Express editor David Luhrssen decided that a theme within the piece was a more striking headline, and I think he was right (I combine both ideas in my headline here). After seeing a protester wearing a red cap with the phrase, “Make America love again,” I pondered whether John Lennon’s famous notion about the power of love had potency and potential in our current crisis. I only wish I had added some lines from his great song “All You Need is Love.” So I will quote some rather profound lyrics from the song as I lead you to a link to my Shepherd Express commentary:

There is nothing you can make that can’t be made.

No one you can save that can’t be saved.

Nothing you can do but you can learn

how to be you in time.

It’s easy…

( my italics)

Perhaps it’s not always easy.
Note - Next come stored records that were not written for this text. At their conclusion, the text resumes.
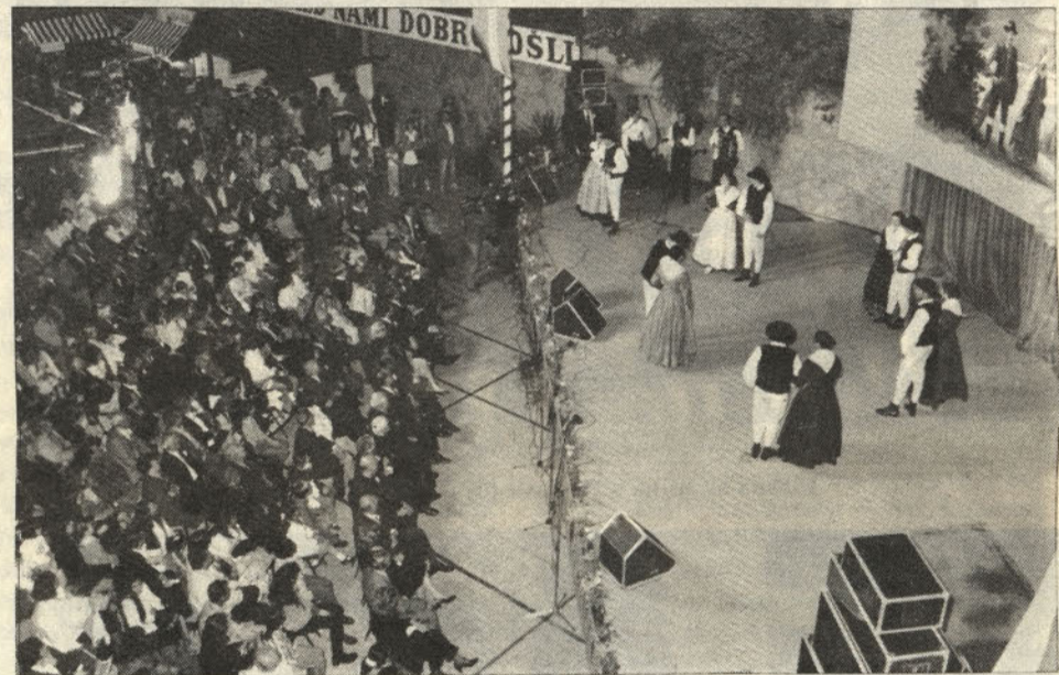
Drug pogled na Maroltovo skupino v bolj umirjenem plesu.

Desno: Izredno gibčni plesalci skupine AFS France Marolt na sanhuškem odru.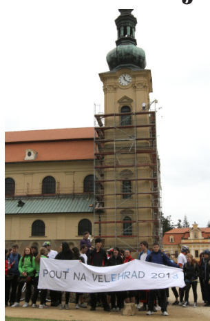
Otrokovičtí gymnazisté vyrazili na Velehrad na kolech.

„Naši výtvarníci soutěž obleslali animovaným filmem, který ve své kategorii neměl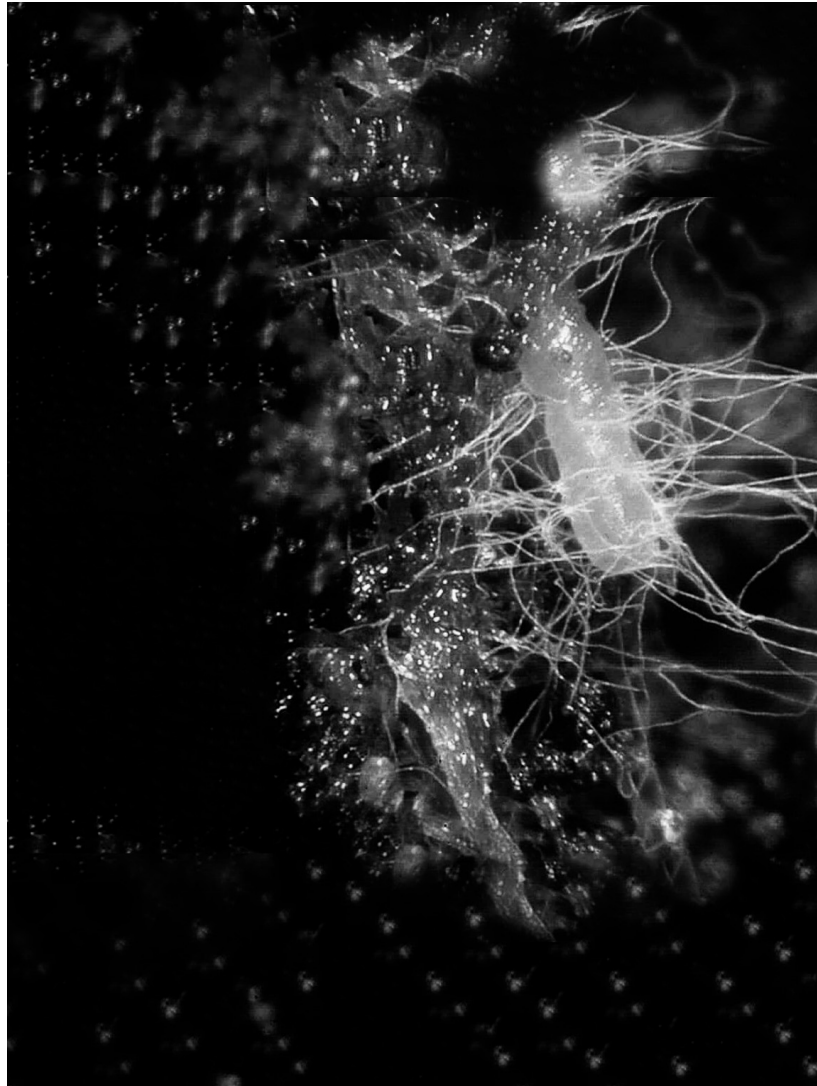
Mycelium, 3 semester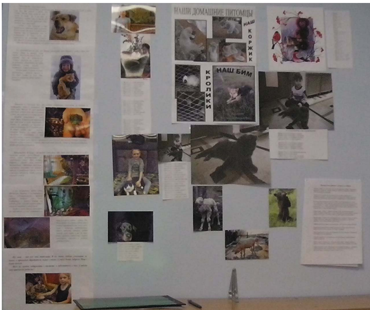
Новостью поделилась воспитатель группы «Буратино» М.В. Орешкина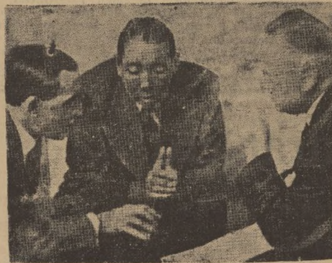
GINEBRA.—Politis, delegado de Grecia; Titulesco, de Rumania, y Litvinoff, de los soviets, en un misterioso aparte durante la sesión de la Sociedad de Naciones en que se trató del pleito italoetiope.

ESTE NUMERO HA SIDO VISADO POR LA CENSURA

But Lennon’s simple rhetorical assertion leads to the idea off applying love to the problem, perhaps learning to love in a Christ-like manner. Lennon’s notion that we can learn, through activism, how to be who we really are (or “praying with our legs” as Frederick Douglass put it) rather than through passive being or existence, is what strikes me.

The link to my Shepherd Express commentary on the protest

And thanks for reading, and for trying to be who you really are.

In addition, here are the two sides of the protest sign I made and used for the March including my satirical drawing of Donald Trump:

I didn’t arrange the book titles shown beside the sign, but their titles serendipitously resonate with ideas explicit or implicit in my Shepherd Express article. The small book at top is a portion of the Bible illustrated by Marc Chagall. 

This backside of the sign at top, from a previous march protesting police violence as supported by Trump, received plenty of comments during the march. Photos by Kevin Lynch.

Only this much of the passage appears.